Le demandeur invoque, à l'appui de son pourvoi, un moyen de cassation.
Le dossier a été communiqué au procureur général.
Sur le rapport de Mme Maitral, conseiller référendaire, les observations de la SARL Cabinet Rousseau et Tapie, avocat de M. [B], après débats en l'audience publique du 24 septembre 2024 où étaient présents Mme Mariette, conseiller doyen faisant fonction de président, Mme Maitral, conseiller référendaire rapporteur, M. Seguy, conseiller, et Mme Pontonnier, greffier de chambre,
la chambre sociale de la Cour de cassation, composée des président et conseillers précités, après en avoir délibéré conformément à la loi, a rendu le présent arrêt.
Faits et procédure
1. Selon l'arrêt attaqué (Rouen, 11 mai 2023) et les productions, M. [B] a été engagé en qualité de manager sportif au mois de mai 2016 par la société C2LV exploitant une salle de sport sous l'enseigne Fitness Park Evreux.
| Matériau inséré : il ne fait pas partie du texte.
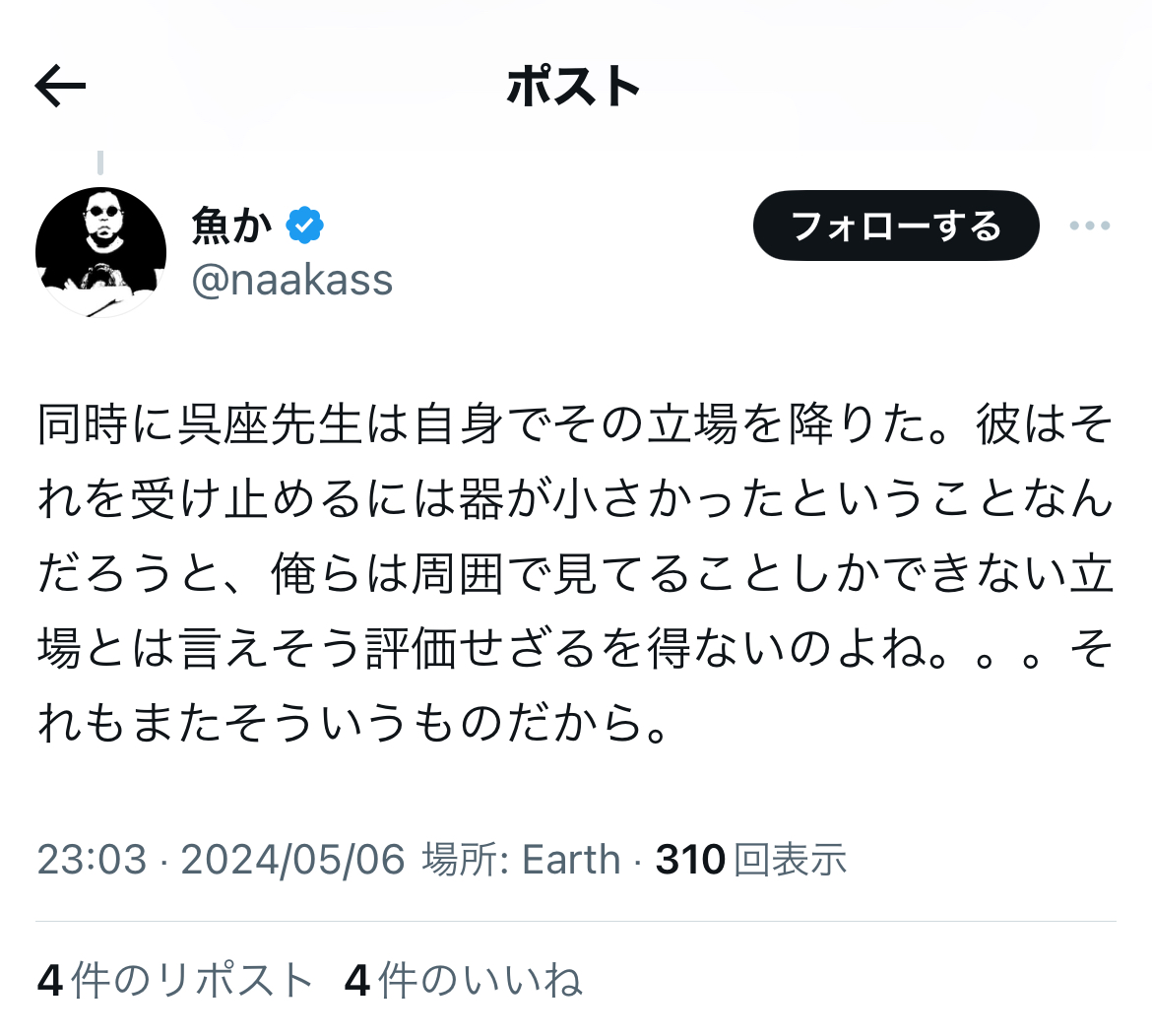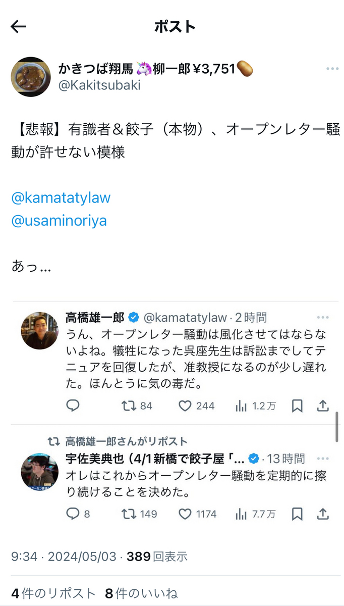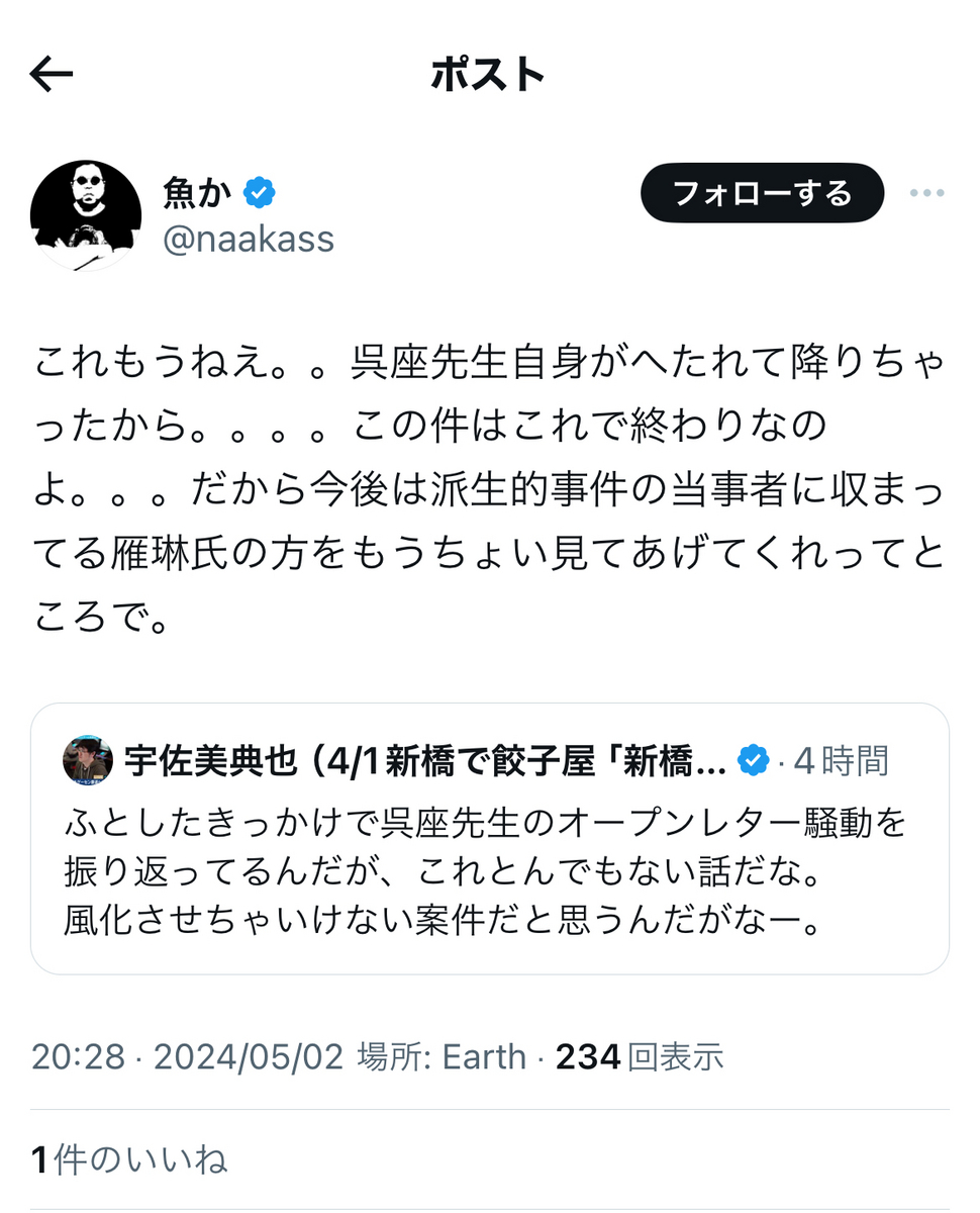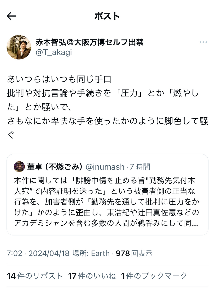というか、恐縮ながら、これまでの反オープンレター騒動での言動を「無かったこと」にして、今更、大上段から正論ぶったところで、

2. Licencié pour faute grave le 13 mars 2020, il a saisi la juridiction prud'homale de demandes au titre de la rupture de son contrat de travail.
Examen du moyen
Sur le moyen, pris en sa première branche
Enoncé du moyen
3. Le salarié fait grief à l'arrêt de dire que son licenciement était justifié par une faute grave et de le débouter de ses demandes au titre de l'indemnité compensatrice de préavis, de l'indemnité de licenciement et du rappel de salaire au titre de la mise à pied conservatoire, alors « qu'un motif tiré de la vie personnelle du salarié ne peut, en principe, justifier un licenciement disciplinaire, sauf s'il constitue un manquement de l'intéressé à une obligation découlant de son contrat de travail ou se rattache à la vie professionnelle ; que pour dire le licenciement justifié par une faute grave et débouter le salarié de ses demandes, la cour d'appel a retenu qu'en participant à une séance d'entraînement au sein d'une salle de sport concurrente à celle de son employeur, en diffusant cette séance sur les réseaux sociaux, en assortissant cette diffusion de commentaires élogieux, le salarié avait gravement manqué à son obligation de loyauté ; qu'en statuant ainsi, cependant qu'il ne résulte pas de ces motifs que le salarié était soumis à une obligation particulière de loyauté, la cour d'appel a violé l'article 9 du code civil et les articles L. 1235-3, L. 1234-1, L. 1234-5 et L. 1234-9 du code du travail, dans leur rédaction applicable en la cause. »
Réponse de la Cour
Vu l'article L. 1121-1 du code du travail :
4. Il résulte de ce texte qu'un motif tiré de la vie personnelle du salarié ne peut justifier un licenciement disciplinaire sauf s'il constitue un manquement de l'intéressé à une obligation découlant de son contrat de travail.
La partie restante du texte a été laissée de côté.